I'm going to double check, but it would suggest that Thumbor has to compensate for the wrong hash values being passed in the URL and recompute the correct name hash value where the original will be found...
It seems to be the temp container after all. This code is confusing as hell... So it would seem that not only the hash correction is needed, Thumbor also needs to be authed into swift to fetch the temp original.
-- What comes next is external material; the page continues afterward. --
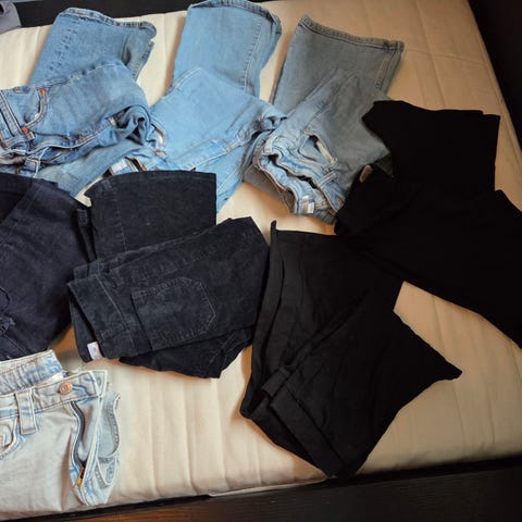 4 bukser str. 104. 1 helt ny og 1 med et par malingsflekker på benet. Den fra HM er slimflitt. De andre er relaxed fit. Ferdig pris.

I'll write a bit of Python to see if the Thumbor Swift user can access that file...
@fgiunchedi attempting to get an object from the temp container with the mw:thumbor credentials gives me a 403:
swiftclient.exceptions.ClientException: Object GET failed: http://ms-fe.svc.eqiad.wmnet/v1/AUTH_mw/wikipedia-commons-local-temp.52/5/52/20161121140233%21Ft3W43.pdf 403 Forbidden [first 60 chars of response] <html><h1>Forbidden</h1><p>Access was denied to this resource
@Gilles indeed I've granted mw:thumbor user access only to thumb containers, looks like we'll need to do the same for temp containers too. I'll take this while I'm doing the access.
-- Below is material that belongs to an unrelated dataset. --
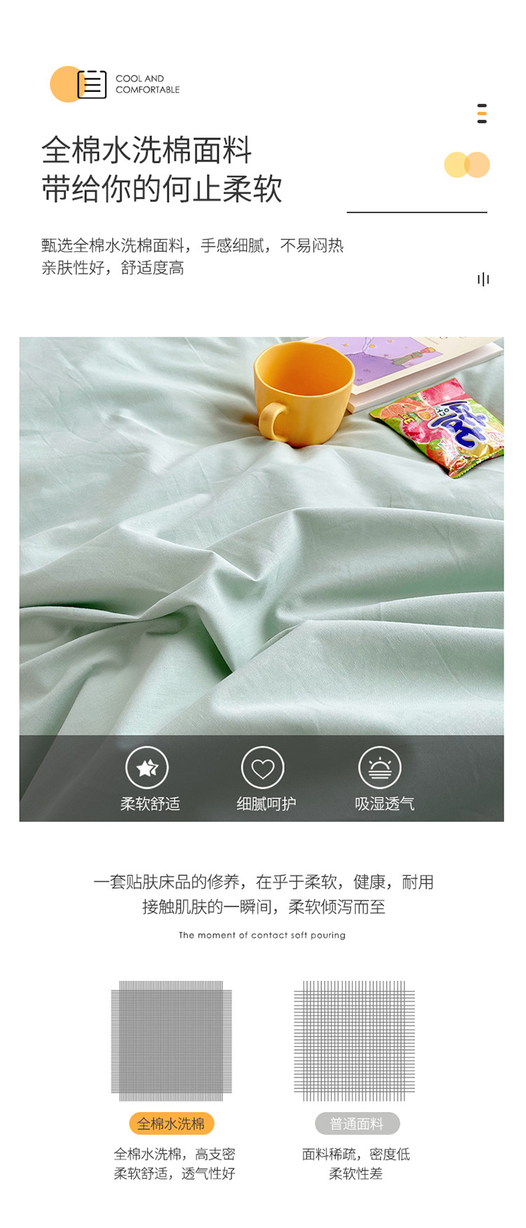 商品名称:雅居纺家纺 2022新款全棉水洗棉四件套 ins水绿

Mentioned in SAL (#wikimedia-operations) [2016-11-22T19:48:30Z] <godog> set thumbor access for temp containers - T150760
Now that I've separated the temp case into its own task, I see that the remaining ones look like an encoding problem. I notice one character in particular that all these URLs have in common, %3F, which is hex for "?". Makes sense as a problematic character.